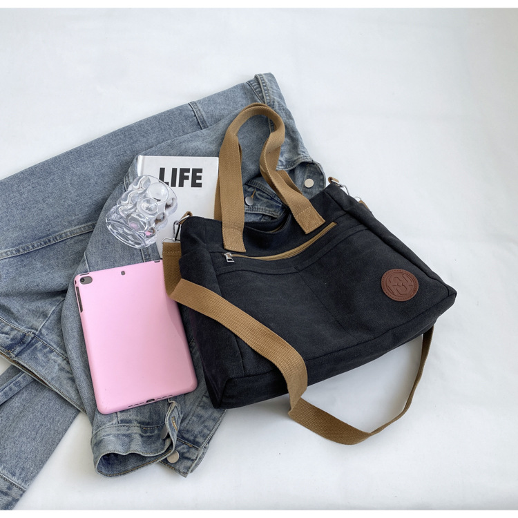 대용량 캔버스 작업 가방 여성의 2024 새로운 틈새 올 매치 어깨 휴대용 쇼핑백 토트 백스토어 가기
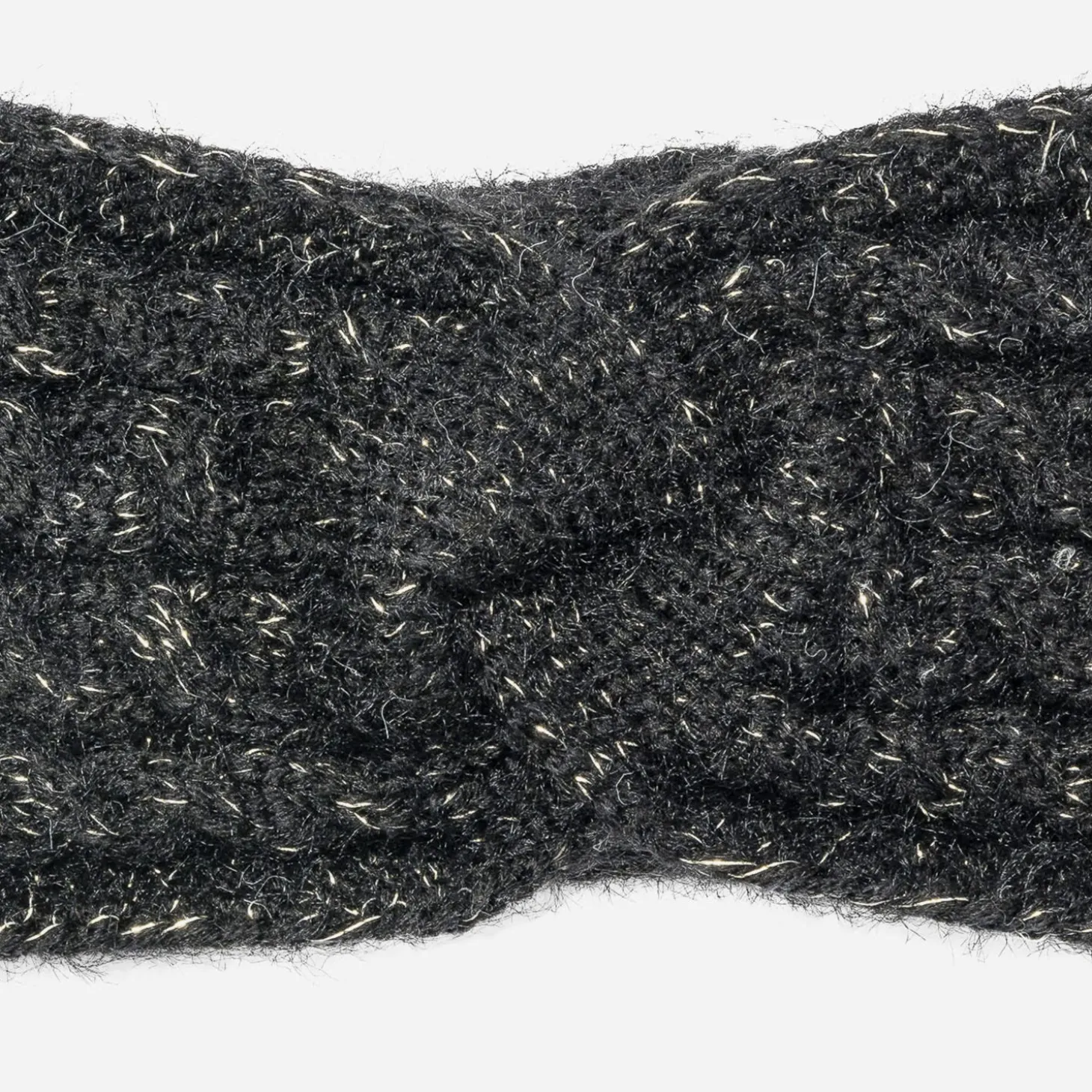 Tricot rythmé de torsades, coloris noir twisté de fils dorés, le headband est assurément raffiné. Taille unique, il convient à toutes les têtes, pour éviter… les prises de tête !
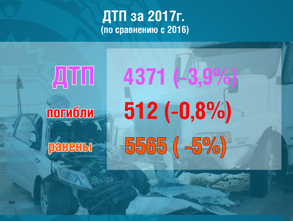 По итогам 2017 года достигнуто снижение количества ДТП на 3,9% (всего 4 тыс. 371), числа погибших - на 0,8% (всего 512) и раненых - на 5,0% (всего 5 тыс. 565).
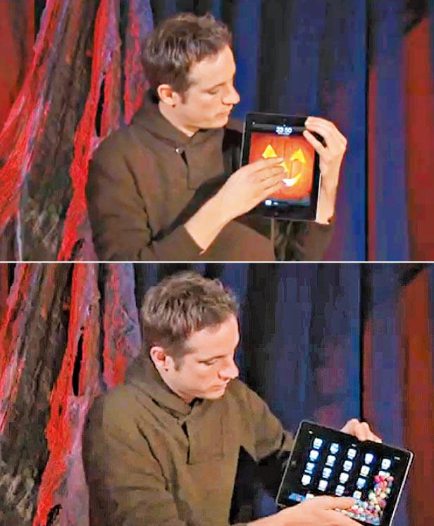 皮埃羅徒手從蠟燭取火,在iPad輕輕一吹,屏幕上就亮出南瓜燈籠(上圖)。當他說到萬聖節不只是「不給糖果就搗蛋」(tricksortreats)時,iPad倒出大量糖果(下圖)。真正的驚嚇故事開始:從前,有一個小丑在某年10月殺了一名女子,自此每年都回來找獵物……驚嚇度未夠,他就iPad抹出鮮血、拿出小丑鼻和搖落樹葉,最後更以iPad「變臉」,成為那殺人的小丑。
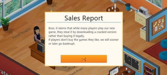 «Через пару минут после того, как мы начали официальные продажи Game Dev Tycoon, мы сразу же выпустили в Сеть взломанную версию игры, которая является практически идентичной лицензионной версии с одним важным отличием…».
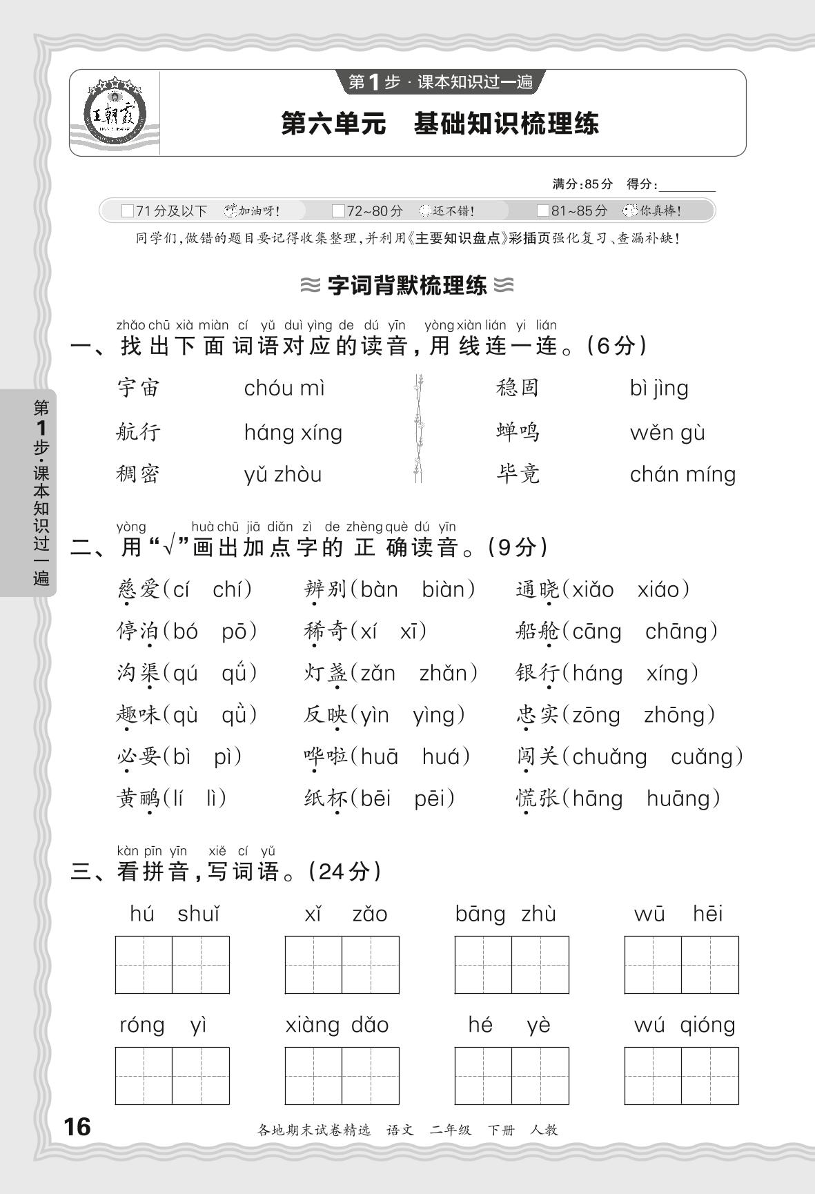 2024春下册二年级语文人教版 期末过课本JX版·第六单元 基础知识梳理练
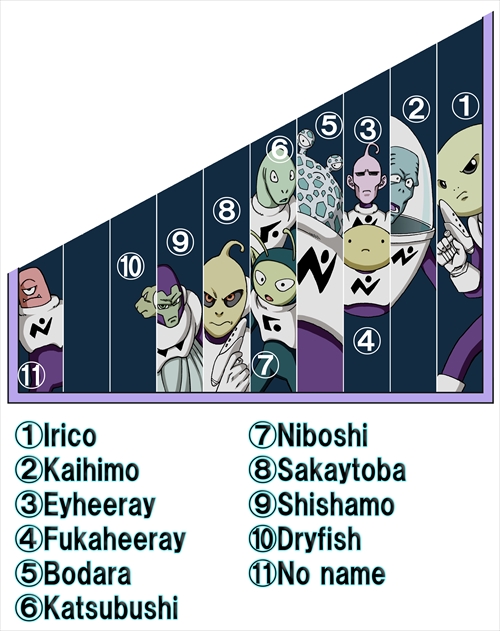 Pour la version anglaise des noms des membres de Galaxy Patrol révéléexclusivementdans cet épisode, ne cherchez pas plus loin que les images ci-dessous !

---+---

▸ Exercise goal: Lines from the one with "Tricot rythmé de" through the final line of the listing above: copy them exactly, both ends included, and omit every picture.

▸ Task result:
 Tricot rythmé de torsades, coloris noir twisté de fils dorés, le headband est assurément raffiné. Taille unique, il convient à toutes les têtes, pour éviter… les prises de tête !
 По итогам 2017 года достигнуто снижение количества ДТП на 3,9% (всего 4 тыс. 371), числа погибших - на 0,8% (всего 512) и раненых - на 5,0% (всего 5 тыс. 565).
 皮埃羅徒手從蠟燭取火,在iPad輕輕一吹,屏幕上就亮出南瓜燈籠(上圖)。當他說到萬聖節不只是「不給糖果就搗蛋」(tricksortreats)時,iPad倒出大量糖果(下圖)。真正的驚嚇故事開始:從前,有一個小丑在某年10月殺了一名女子,自此每年都回來找獵物……驚嚇度未夠,他就iPad抹出鮮血、拿出小丑鼻和搖落樹葉,最後更以iPad「變臉」,成為那殺人的小丑。
 «Через пару минут после того, как мы начали официальные продажи Game Dev Tycoon, мы сразу же выпустили в Сеть взломанную версию игры, которая является практически идентичной лицензионной версии с одним важным отличием…».
 2024春下册二年级语文人教版 期末过课本JX版·第六单元 基础知识梳理练
 Pour la version anglaise des noms des membres de Galaxy Patrol révéléexclusivementdans cet épisode, ne cherchez pas plus loin que les images ci-dessous !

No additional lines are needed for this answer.